All of this weirdness is a mixture of impotent maternal age female teachers and bureaucracy. Women in their 30s-50s love the feeling of influencing children, for obvious reasons, so they go out of their way to make memorable lessons about different (usually libtard coded) subjects (the miracle of childbirth, the horrors of the Holocaust) to children who don't understand or don't care. The bureaucracy aspect is present whenever these strange things are sponsored by an institution, for example,  a fireman coming to a school to explain how to "stop, drop, and roll." Someone in a meeting, probably also a woman, came up with this idea to help "teach kids" or whatever, and nobody cared enough to vote no. I'm not sure why there seem to be recurring tropes (housefires, quicksand???). My best guess is because none of these people are creative, and so tend to copy whatever other 40 year old teachers are doing, snowballing into strange recurrences.
cats
(05-07-2024, 07:15 PM)LoIiMerchant Wrote: All of this weirdness is a mixture of impotent maternal age female teachers and bureaucracy. Women in their 30s-50s love the feeling of influencing children, for obvious reasons, so they go out of their way to make memorable lessons about different (usually libtard coded) subjects (the miracle of childbirth, the horrors of the Holocaust) to children who don't understand or don't care. The bureaucracy aspect is present whenever these strange things are sponsored by an institution, for example,  a fireman coming to a school to explain how to "stop, drop, and roll." Someone in a meeting, probably also a woman, came up with this idea to help "teach kids" or whatever, and nobody cared enough to vote no. I'm not sure why there seem to be recurring tropes (housefires, quicksand???). My best guess is because none of these people are creative, and so tend to copy whatever other 40 year old teachers are doing, snowballing into strange recurrences.

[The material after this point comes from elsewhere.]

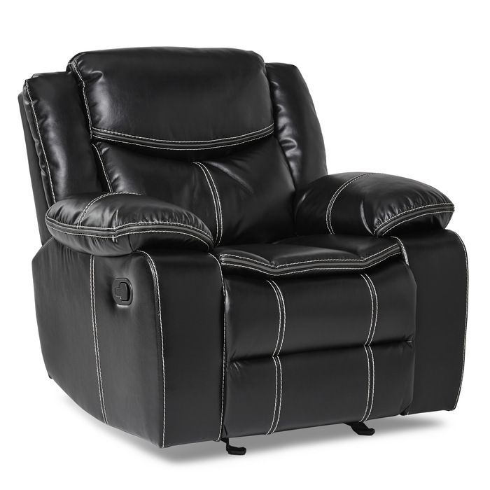 With the soothing rock of the reclining chair, your comfort is taken care of in the Marille Collection. The collection is offered in black faux leather.

Libtard women generally have a pathological obsession with "teaching moments". I recall that women were retweeting all these threads about how to escape your car when it's sinking in water after that cargo ship struck a bridge in Baltimore, causing it to completely collapse. Nevermind that all those people on the bridge almost certainly died instantly when their cars struck water from a hundred foot fall, it's a situation you'll have almost no chance of ever experiencing. Why bother making these threads? It's remarkably unlikely that anybody who sees them would ever be put in such a situation. Even if they were, what are the chances they'll remember anything from your "helpful & educational" thread?

It all strikes me as some kind of virtue signal. I can't imagine many women who retweet these threads actually read them; they probably feel like they're doing a "good deed" by "educating people", or something. Most certainly related to the phenomenon of retweeting blacks begging for money or charities for random groups of dysfunctional third worlders. Women love nothing more than to be cripplingly paranoid about things that will never happen to them (being stuck in a sinking car) but willfully ignorant of things that are infinitely more likely (niggers).